Adenosine A_2A receptors in the olfactory bulb suppress rapid eye movement sleep in rodents

Rapid eye movement (REM) sleep behavior disorder in humans is often accompanied by a reduced ability to smell and detect odors, and olfactory bulbectomized rats exhibit increased REM sleep, suggesting that the olfactory bulb (OB) is involved in REM-sleep regulation. However, the molecular mechanism of REM-sleep regulation by the OB is unknown. Adenosine promotes sleep and its A_2A receptors (A_2AR) are expressed in the OB. We hypothesized that A_2AR in the OB regulate REM sleep. Bilateral microinjections of the A_2AR antagonist SCH58261 into the rat OB increased REM sleep, whereas microinjections of the A_2AR agonist CGS21680 decreased REM sleep.

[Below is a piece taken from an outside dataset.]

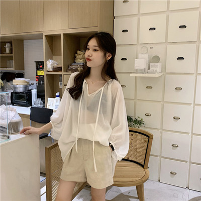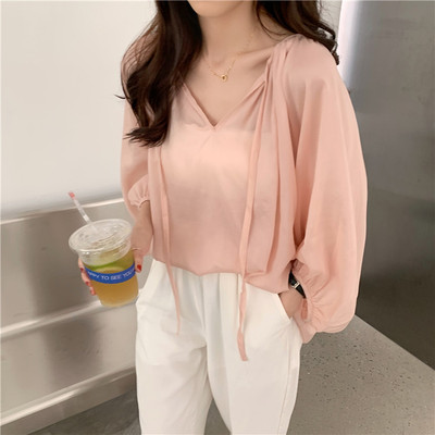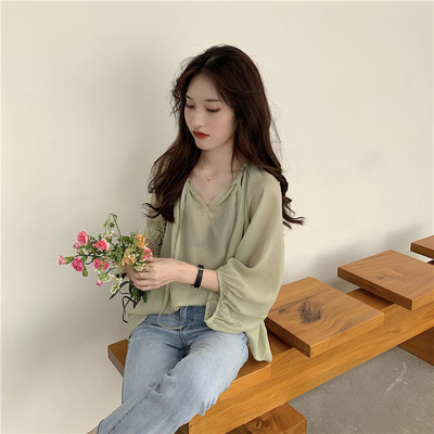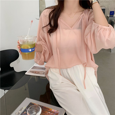 Real price loose Lantern Sleeve bandage long sleeve sunscreen top

Similar to the A_2AR antagonist, selective A_2AR knockdown by adeno-associated virus carrying short-hairpin RNA for A_2AR in the rat OB increased REM sleep. Using chemogenetics on the basis of designer receptors exclusively activated by designer drugs, we demonstrated that the inhibition of A_2AR neurons increased REM sleep, whereas the activation of these neurons decreased REM sleep. Moreover, using a conditional anterograde axonal tract-tracing approach, we found that OB A_2AR neurons innervate the piriform cortex and olfactory tubercle. These novel findings indicate that adenosine suppresses REM sleep via A_2AR in the OB of rodents.